Potential Subclade SNP Table
This is an optional table produced ONLY if the “Report Only SNPs Found In All Tests” option is unchecked. This table lists SNPs which MAY be Subclade SNPs, but which were “no-calls” (either not covered or not reliably read) in some kits in the group so their status as Subclade SNPs cannot be confirmed.
Private SNP Table
This table lists SNPs which are ONLY found in one kit – i.e. SNPs which are positive in one kit AND negative in all other kits.
Potential Private SNP Table
Again an optional table produced only if the “Report Only SNPs Found In All Tests” option is unchecked, this table lists SNPs which were only confirmed in one kit but which cannot be confirmed as Private SNPs because they were no-calls in some kits among the group.

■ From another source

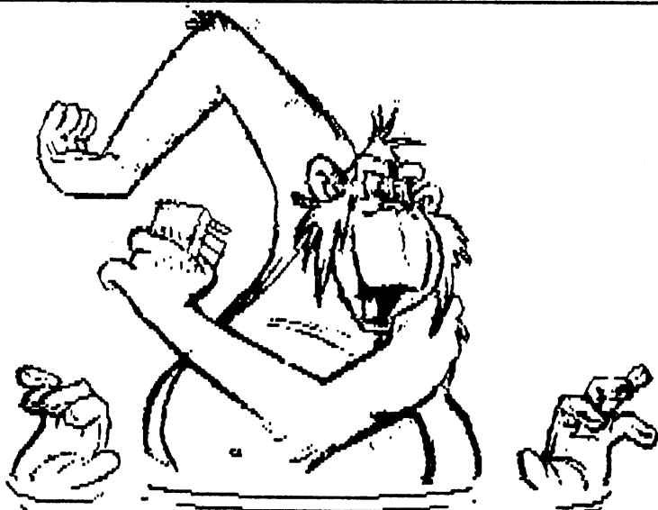
NULLOS CRACKER DANS SON BAIN

NE CHERCHEZ PAS D'ADRESSE, IL N'Y EN AS PAS.....NE CHERCHEZ PAS D'ADRESSE, IL N'Y EN AS PAS.....NE CHERCHEZ PAS

The Generated SAPP Input TXT File
The last item produced by the tool is a TXT file containing all the STRs read in from the CSV files, and all the SNPs reported in the tables above, formatted into /STRDATA and /SNPDATA sections for input into the SAPP Program. This file can be downloaded by pressing the button at the end of the tool report and can be run in the SAPP tool to produce a tree report that draws the group and includes the STR mutation history and SNP branching as given by the tables above. Note that the automated TXT file includes ONLY the /STRDATA and /SNPDATA sections, you will need to add other optional sections manually.